Faced with the reality or prospect of rate caps, reductions, or performance-based rates, distribution companies have embarked on numerous initiatives aimed at improving their business performance. Updating the SDN configuration to effectively address current and future work demands has long been a challenge that previously was difficult, if not impossible, to effectively approach. Determining the right number, size, location, staffing, and territory assignment is little more than guesswork without accurate data, computational tools, and an objective process of analysis. Redesign errors or inaction can have costly and lasting consequences. Too many service centers or inappropriate staffing levels cause unnecessary facility and labor costs. Too few service centers or inefficient territory assignments increase windshield time and travel costs, and decrease responsiveness and field-force efficiency. Until recently, these types of problems were approached—if at all—by intuition and “chart, compass, and ruler” techniques. (Ballou)

Enabling Developments

Several key advancements related to computational tools, processes of analysis, and input data have made it possible to address SDN design challenges quickly and accurately. The development of high-level programming languages and powerful mainframe computers in the 1960s and 1970s made possible the broader application of quantitative techniques developed in the 1940s from military and operations research. Industry application of these quantitative techniques—such as linear programming, heuristics, and simulation—for solving resource allocation, distribution, and transportation planning gained value as a decision-making aid.(Shycon and Maffei 1960) Since then, the rapid growth in desktop computing power and the introduction of improved algorithms is allowing organizations to model and solve very large supply-chain problems in a matter of minutes instead of days or weeks.(Bendiner 1998) While most of the early developments focused on optimizing the physical distribution of tangible goods or products, these developments were directly applicable to the delivery or provision of services.

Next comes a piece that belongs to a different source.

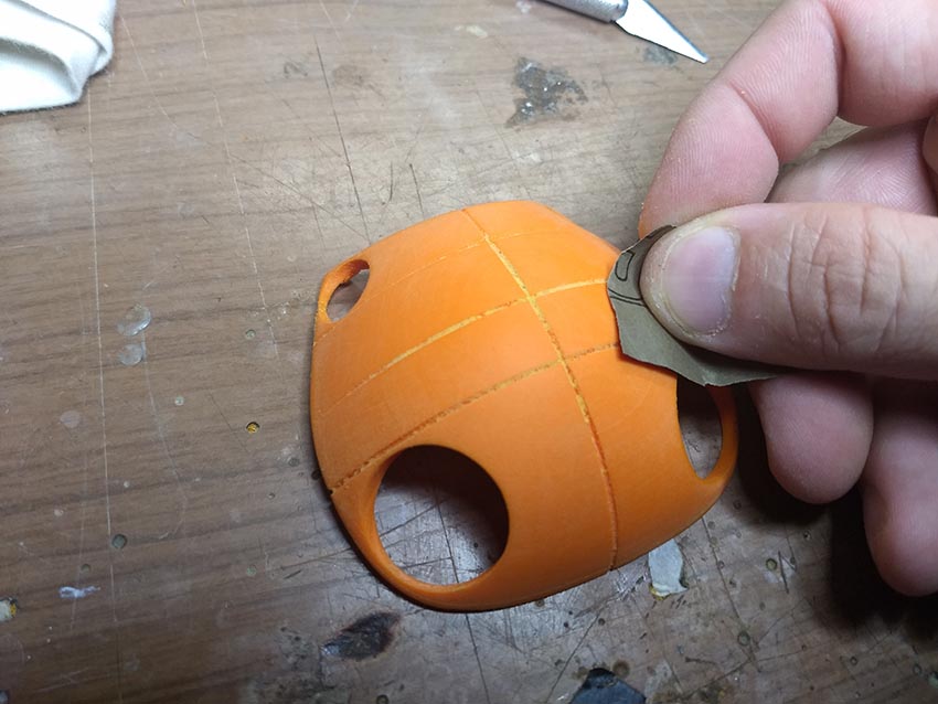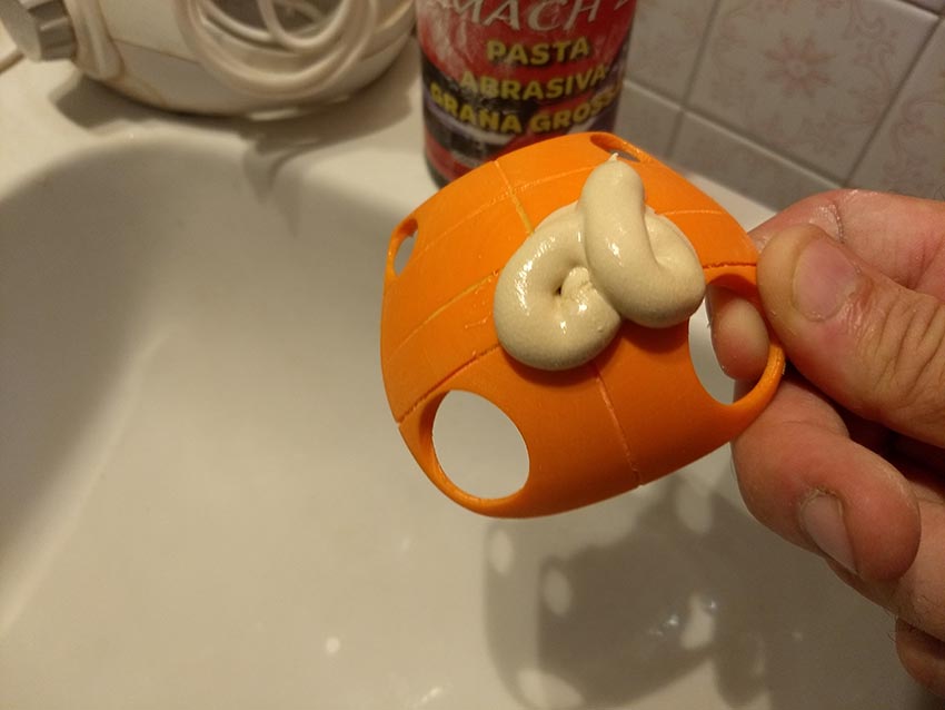 Terminate le stampe di tutte le parti si passa alla rifinitura e qui ci si deve armare di tanta pazienza e carta vetrata. Uno dei difetti della stampa 3D è che il processo avviene a strati e non permette di ottenere delle superfici perfettamente lisce ma risulteranno scalettate, per ovviare a questo problema si cerca sempre di stampare alla massima risoluzione possibile e con una velocità di movimento dell’estrusore estremamente bassa, nonostante questi accorgimenti il pezzo non risulterà esente da difetti. Qui entra in gioco “l’olio di gomito” e con l ‘uso della carta vetrata si passa a carteggiare il pezzo utilizzando diverse grammature iniziando da una grammatura grossa seguita da una più fine.

Information technology improvements and integration within utility operations and customer care have generated a wealth of geo-based customer, service center, field-asset, and workdemand data. Geospatial technology advancements in the early 1980s combined the computer display of geographic features, such as points, lines, and polygons, with database management tools for assigning attributes to these features. Likewise, a “location” attribute could be added to traditionally tabular data—such as service centers, customers, and field-assets—and layered with shapes such as roads and assigned territories. The integration of geospatial technology with supply- and service-chain optimization tools created a powerful application for visualizing and solving SDN problems.